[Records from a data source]
====

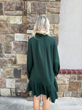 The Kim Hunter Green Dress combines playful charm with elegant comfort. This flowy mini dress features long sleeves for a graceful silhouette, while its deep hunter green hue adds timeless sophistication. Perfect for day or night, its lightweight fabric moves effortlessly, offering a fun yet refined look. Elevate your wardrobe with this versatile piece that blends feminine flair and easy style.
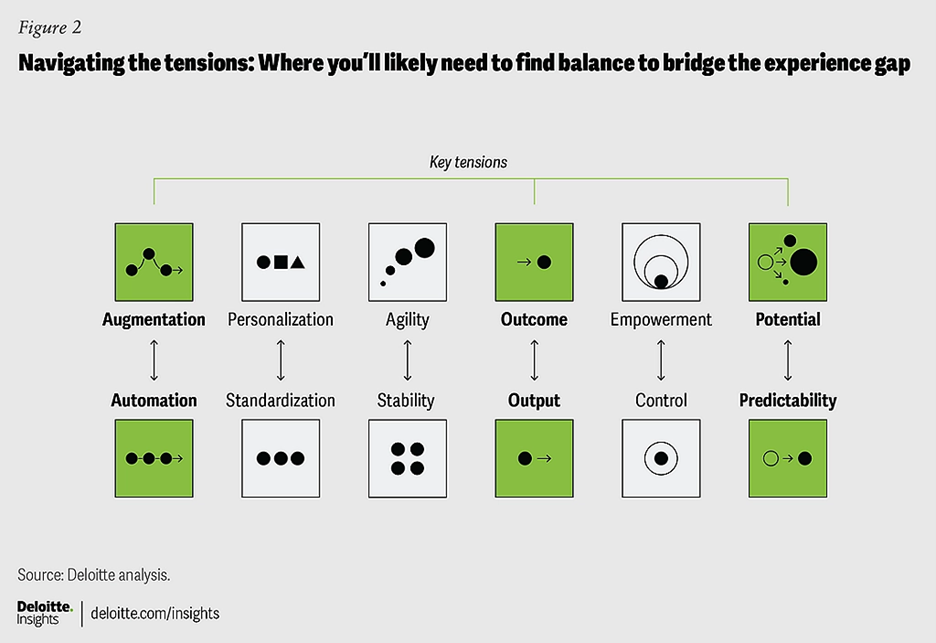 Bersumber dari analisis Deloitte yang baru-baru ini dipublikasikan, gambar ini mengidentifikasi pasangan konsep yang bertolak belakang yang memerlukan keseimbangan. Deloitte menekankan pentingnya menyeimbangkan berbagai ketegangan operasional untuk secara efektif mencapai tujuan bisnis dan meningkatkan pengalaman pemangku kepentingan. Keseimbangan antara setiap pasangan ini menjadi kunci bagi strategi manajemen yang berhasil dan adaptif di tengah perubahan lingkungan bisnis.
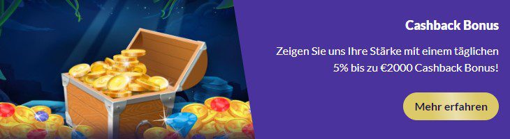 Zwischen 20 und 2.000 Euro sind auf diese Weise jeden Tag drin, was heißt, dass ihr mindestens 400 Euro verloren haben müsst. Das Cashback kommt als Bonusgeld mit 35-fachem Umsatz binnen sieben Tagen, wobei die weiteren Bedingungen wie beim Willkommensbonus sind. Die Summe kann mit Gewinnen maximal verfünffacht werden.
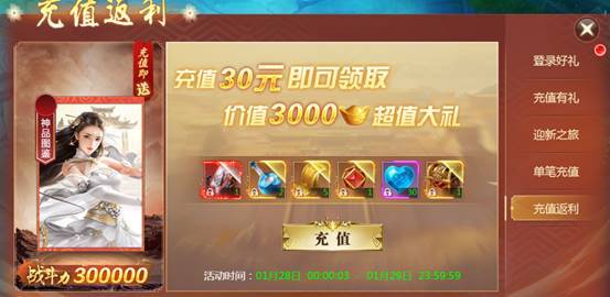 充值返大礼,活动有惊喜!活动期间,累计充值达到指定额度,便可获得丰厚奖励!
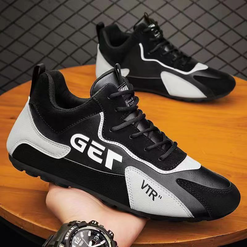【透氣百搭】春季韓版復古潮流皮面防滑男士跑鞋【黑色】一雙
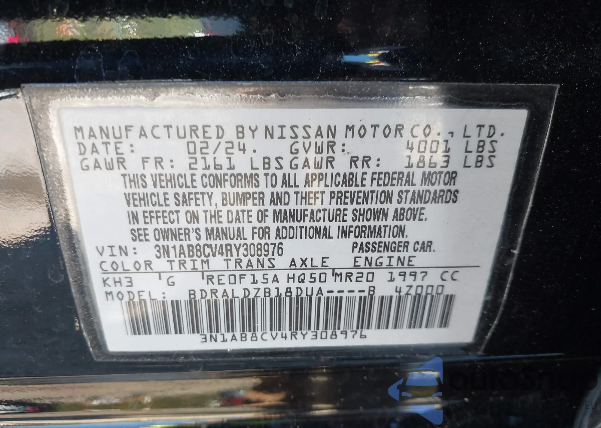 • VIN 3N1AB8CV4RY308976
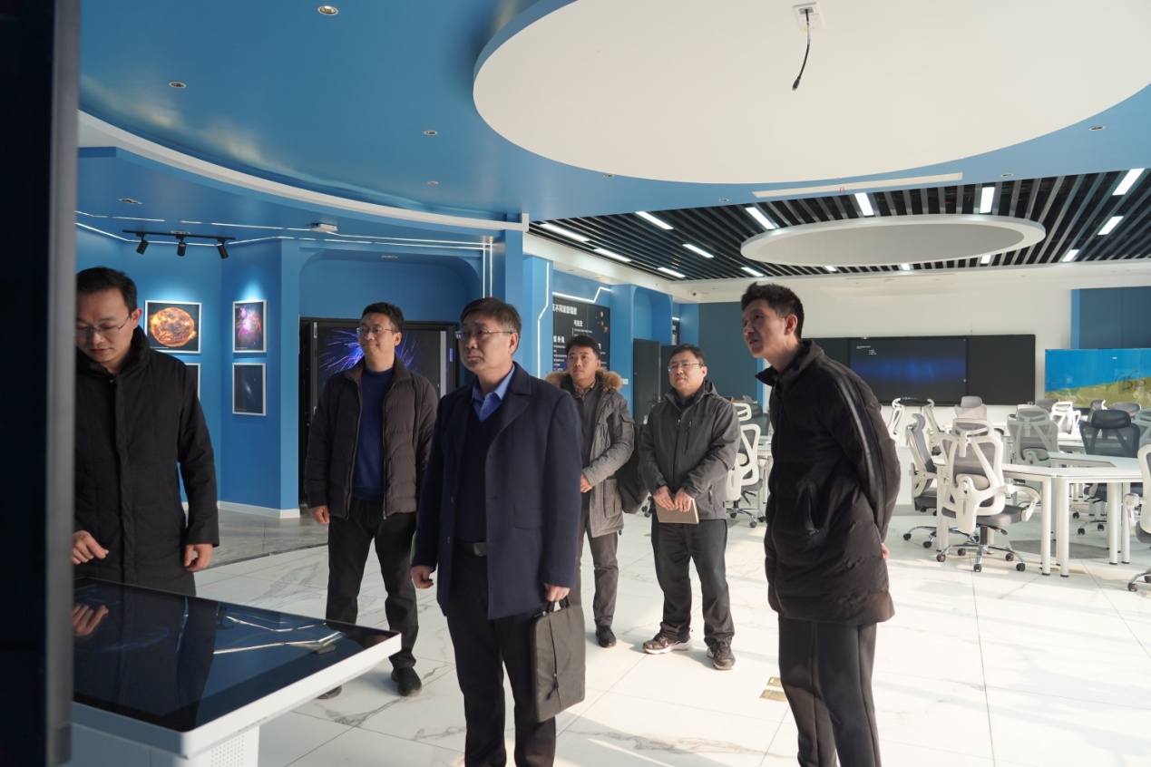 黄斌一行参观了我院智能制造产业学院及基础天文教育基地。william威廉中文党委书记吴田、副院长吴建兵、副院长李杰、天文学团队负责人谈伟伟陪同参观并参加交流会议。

====

* TASK
Go through the entries and retype them exactly, except for the images.

* FINISHED TASK
 The Kim Hunter Green Dress combines playful charm with elegant comfort. This flowy mini dress features long sleeves for a graceful silhouette, while its deep hunter green hue adds timeless sophistication. Perfect for day or night, its lightweight fabric moves effortlessly, offering a fun yet refined look. Elevate your wardrobe with this versatile piece that blends feminine flair and easy style.
 Bersumber dari analisis Deloitte yang baru-baru ini dipublikasikan, gambar ini mengidentifikasi pasangan konsep yang bertolak belakang yang memerlukan keseimbangan. Deloitte menekankan pentingnya menyeimbangkan berbagai ketegangan operasional untuk secara efektif mencapai tujuan bisnis dan meningkatkan pengalaman pemangku kepentingan. Keseimbangan antara setiap pasangan ini menjadi kunci bagi strategi manajemen yang berhasil dan adaptif di tengah perubahan lingkungan bisnis.
 Zwischen 20 und 2.000 Euro sind auf diese Weise jeden Tag drin, was heißt, dass ihr mindestens 400 Euro verloren haben müsst. Das Cashback kommt als Bonusgeld mit 35-fachem Umsatz binnen sieben Tagen, wobei die weiteren Bedingungen wie beim Willkommensbonus sind. Die Summe kann mit Gewinnen maximal verfünffacht werden.
 充值返大礼,活动有惊喜!活动期间,累计充值达到指定额度,便可获得丰厚奖励!
【透氣百搭】春季韓版復古潮流皮面防滑男士跑鞋【黑色】一雙
 • VIN 3N1AB8CV4RY308976
 黄斌一行参观了我院智能制造产业学院及基础天文教育基地。william威廉中文党委书记吴田、副院长吴建兵、副院长李杰、天文学团队负责人谈伟伟陪同参观并参加交流会议。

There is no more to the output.